Lindberg has created five games so far, each targeting different aspects of economics and Bitcoin:

  • Is That the Best You Can Do? – a negotiation game based on free market principles.

  • HODL Up – focused on Bitcoin scarcity and competition to accumulate the most coins.

  • Channel Up – tackling the Lightning Network. "Have you ever watched the old Star Treks and you got Spock playing with the multi-level chess thing?" Lindberg said. "It's more of an intense game where people are going to be studying which way to route their payments."

  • Bit 39 – a party game about seed phrases, similar to Clue or Pictionary.

  • Fed Up – a critique of the monetary system, where “clowns” win by printing money or adding regulations.

Players often adapt the rules in surprising ways. "Someone's doing really well in the game, they understand the mechanics. Somebody else is struggling, and they'll intentionally do things that would not let them win the most Bitcoin but help that other person have a better experience," Lindberg said.

Is That the Best You Can Do? introduces free market trading, Fed Up pokes fun at money printing, and the series shows how Bitcoin can be taught through play. Photo: Free Market Kids

Distribution hurdles and community play

Despite the creativity, distribution is a challenge. "We do struggle with the cost of shipping to begin with, but then you throw on import duties, tariffs, or any other types of nonsense in there, and a lot of people just look at that and they say, 'Hey, that's too much'," he said.
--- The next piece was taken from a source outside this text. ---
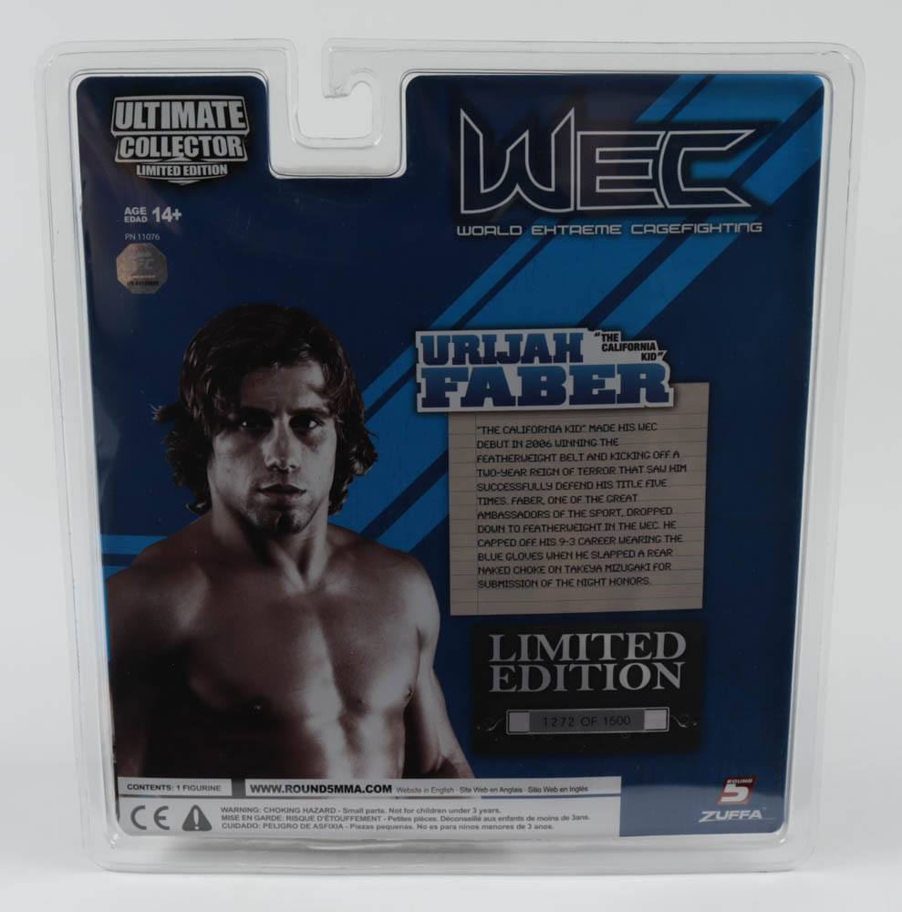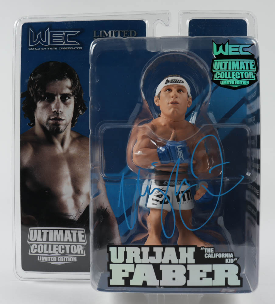 2011 WEC Figurine has been hand-signed by Urijah Faber. The figurine measures approximately 4" tall. Includes the original packaging as shown.Please note, item is limited edition #1,272/1,500.

Events and conferences have helped spread awareness, and Lindberg is eager to build tournaments. "When we play with people who are all already Bitcoiners, they start doing all kinds of inside jargon and bets," he said. "It's completely different."

Those differences in play are part of the charm. Some groups lean into education, others into humor or competition. His daughters gravitate toward lighter games: "My daughters prefer [Bit 39] to the other ones, because it's the least technical."

Whether it’s Bitcoiners making insider jokes or families inventing their own rules, Lindberg sees his games as tools for culture as much as education.

A vision of 21 games

Lindberg’s long-term ambition is to create 21 games in total – echoing Bitcoin’s fixed supply of 21 million coins – with one release per year.

He already sees potential themes everywhere. "In the Bitcoin space, everybody goes from one subject to another – food, energy, fill in the blank. There’s just endless material to make more games," he said.

Austrian economics, energy debates, and Bitcoin history could all inspire future designs.

For Lindberg, the bigger picture is clear: education works best when people don’t realize they’re learning. Through board games, he’s found a way to pass on ideas about money, incentives, and freedom – one family game night at a time.